Work to complete -> Lower down are entries containing pictures. Copy exactly, without those pictures, the lines from the line with "2023年前三季度,公司流动比率为1.54,速动比率为1.46。" through the line with "Сукня довжини міді".
(Task inputs begins)
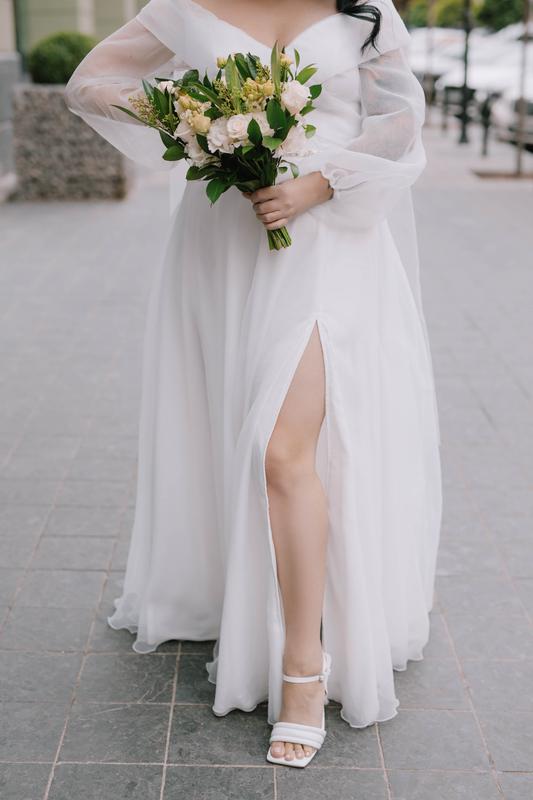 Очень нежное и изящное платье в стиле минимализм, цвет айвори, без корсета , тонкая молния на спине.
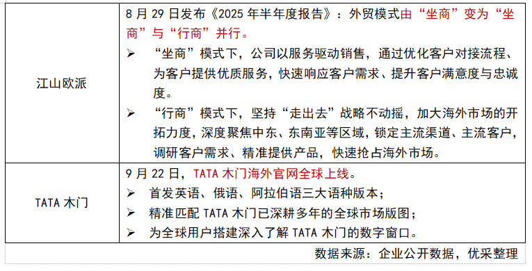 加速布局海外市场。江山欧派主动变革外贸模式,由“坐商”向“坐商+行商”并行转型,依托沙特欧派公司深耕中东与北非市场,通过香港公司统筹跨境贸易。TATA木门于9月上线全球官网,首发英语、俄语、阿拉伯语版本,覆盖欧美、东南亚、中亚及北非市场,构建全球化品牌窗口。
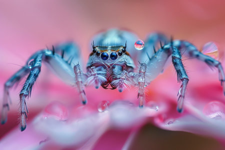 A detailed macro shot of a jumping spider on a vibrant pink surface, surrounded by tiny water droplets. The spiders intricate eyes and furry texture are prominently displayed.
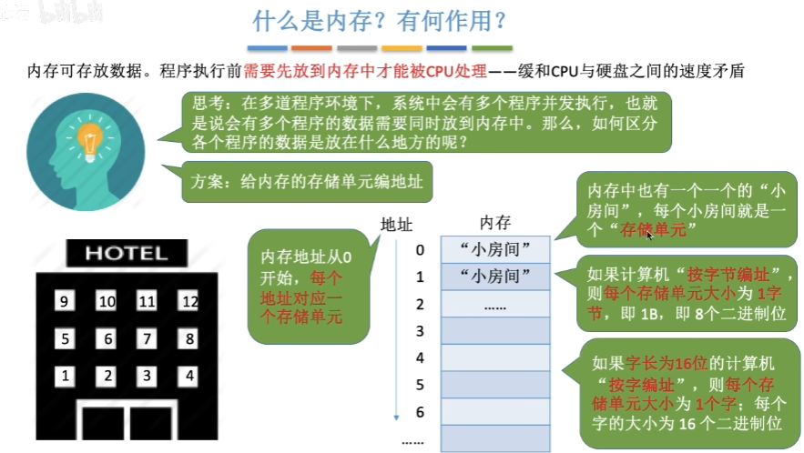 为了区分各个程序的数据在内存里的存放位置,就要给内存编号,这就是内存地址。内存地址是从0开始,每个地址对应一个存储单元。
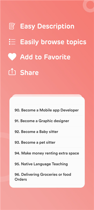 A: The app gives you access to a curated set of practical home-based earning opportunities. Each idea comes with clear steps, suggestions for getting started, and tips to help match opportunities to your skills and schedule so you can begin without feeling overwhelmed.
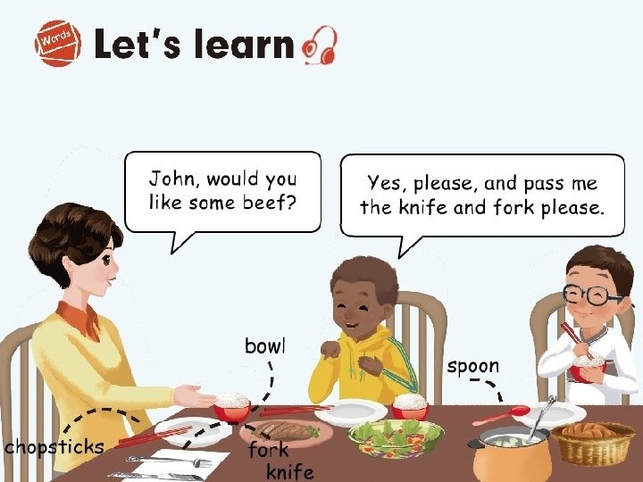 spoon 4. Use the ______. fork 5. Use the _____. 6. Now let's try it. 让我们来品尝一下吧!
(Task inputs ends)
(Task inputs begins)
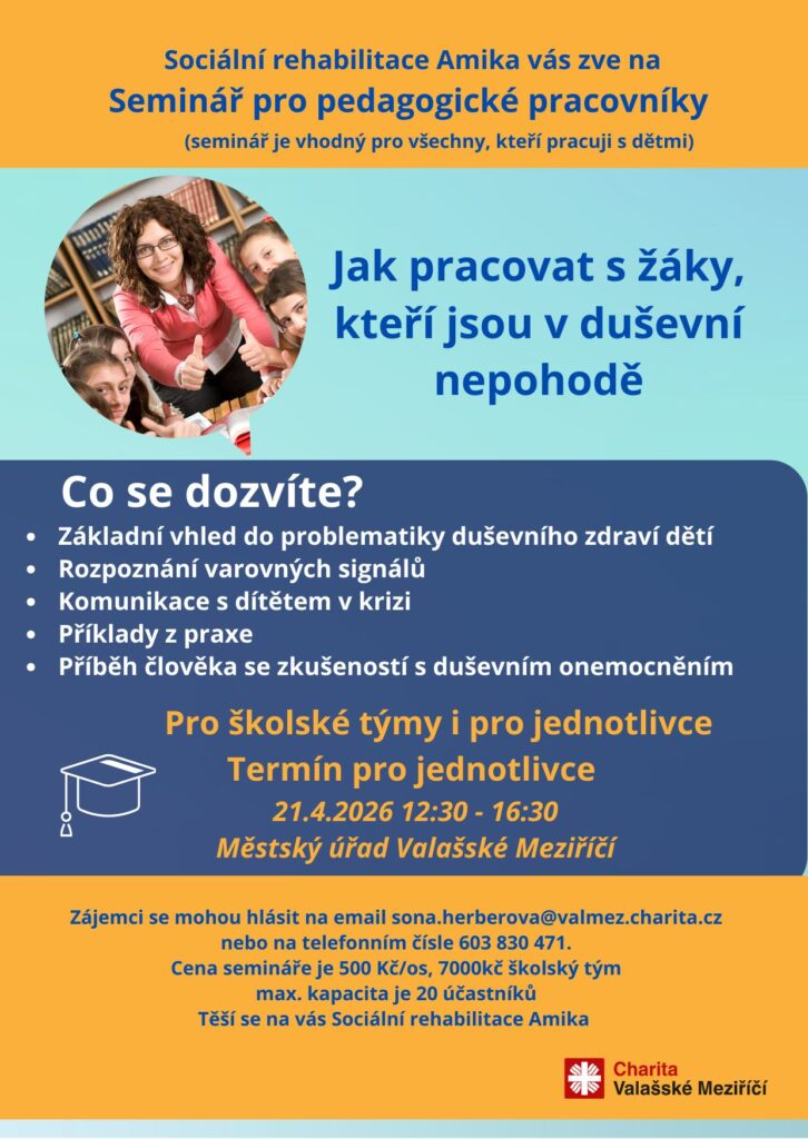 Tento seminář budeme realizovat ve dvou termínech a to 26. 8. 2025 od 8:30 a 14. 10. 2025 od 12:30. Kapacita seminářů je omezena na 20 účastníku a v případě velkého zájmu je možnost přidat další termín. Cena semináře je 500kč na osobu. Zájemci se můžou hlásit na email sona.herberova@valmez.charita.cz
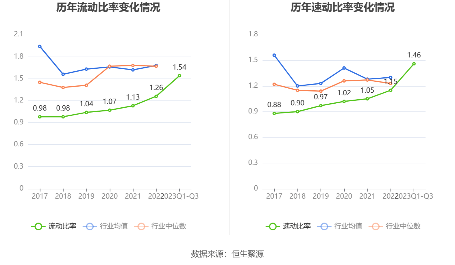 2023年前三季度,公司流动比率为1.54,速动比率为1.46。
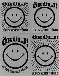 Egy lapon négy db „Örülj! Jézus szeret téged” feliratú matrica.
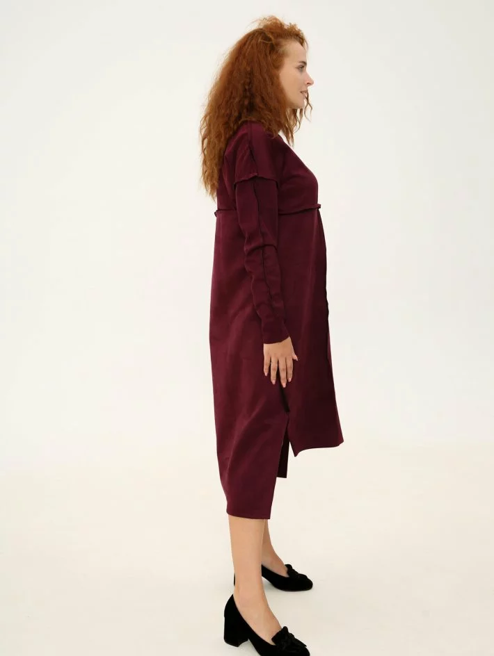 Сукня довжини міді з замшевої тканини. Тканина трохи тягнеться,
(Task inputs ends)
Result of this task ->
 2023年前三季度,公司流动比率为1.54,速动比率为1.46。
 Egy lapon négy db „Örülj! Jézus szeret téged” feliratú matrica.
 Сукня довжини міді з замшевої тканини. Тканина трохи тягнеться,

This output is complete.